**TASK**
Below, find the line containing "Cîtă voie bună" and the line containing "宣誓「ライオンズの誓い」"; reproduce exactly those two and every line between them, omitting pictures.

**RECORD EXTRACTS**
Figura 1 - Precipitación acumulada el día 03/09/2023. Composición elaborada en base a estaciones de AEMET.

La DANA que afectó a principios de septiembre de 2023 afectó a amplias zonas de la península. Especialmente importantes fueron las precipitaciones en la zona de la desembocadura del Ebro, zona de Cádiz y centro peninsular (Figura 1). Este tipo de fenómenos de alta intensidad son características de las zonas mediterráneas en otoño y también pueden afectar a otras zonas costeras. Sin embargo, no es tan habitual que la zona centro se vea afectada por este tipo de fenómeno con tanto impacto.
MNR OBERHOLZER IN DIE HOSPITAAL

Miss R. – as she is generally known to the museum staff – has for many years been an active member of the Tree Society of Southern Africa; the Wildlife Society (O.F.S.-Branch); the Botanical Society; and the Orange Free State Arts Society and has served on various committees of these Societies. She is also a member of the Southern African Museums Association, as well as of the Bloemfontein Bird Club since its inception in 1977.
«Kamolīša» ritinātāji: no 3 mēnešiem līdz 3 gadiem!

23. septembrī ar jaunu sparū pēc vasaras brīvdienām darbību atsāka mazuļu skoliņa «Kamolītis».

==

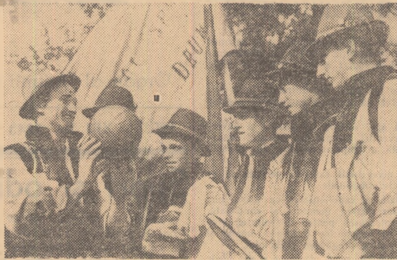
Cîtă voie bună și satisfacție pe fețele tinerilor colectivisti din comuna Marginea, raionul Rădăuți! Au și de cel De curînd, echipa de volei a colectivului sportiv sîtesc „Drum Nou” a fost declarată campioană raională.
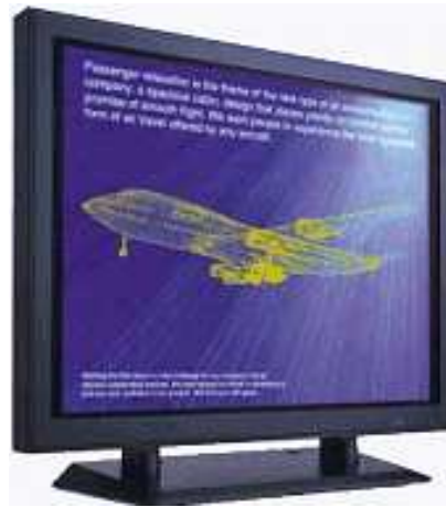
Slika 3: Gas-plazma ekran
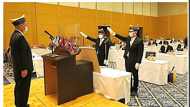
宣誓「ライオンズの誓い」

...

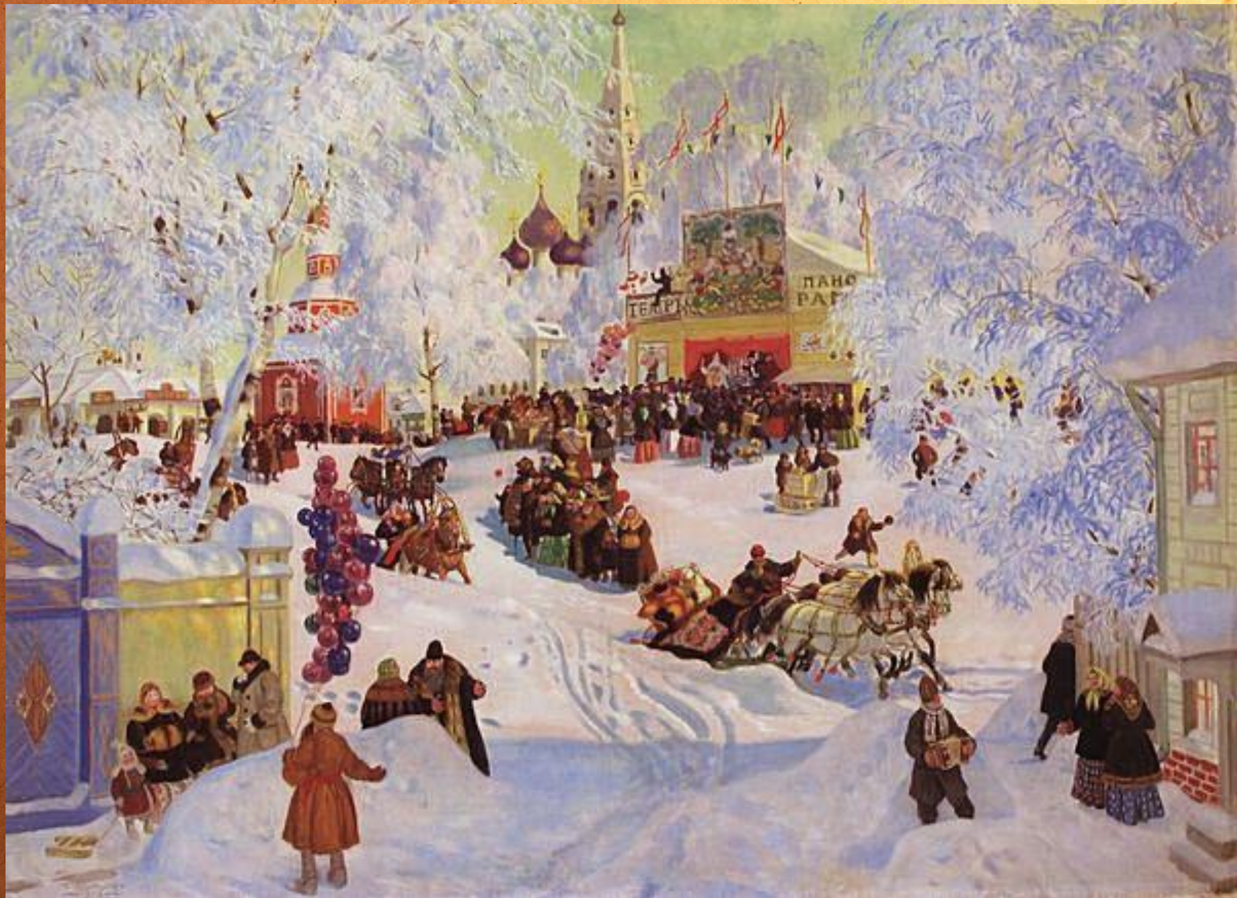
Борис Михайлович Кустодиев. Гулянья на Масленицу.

**FINAL ANSWER**
Cîtă voie bună și satisfacție pe fețele tinerilor colectivisti din comuna Marginea, raionul Rădăuți! Au și de cel De curînd, echipa de volei a colectivului sportiv sîtesc „Drum Nou” a fost declarată campioană raională.
Slika 3: Gas-plazma ekran
宣誓「ライオンズの誓い」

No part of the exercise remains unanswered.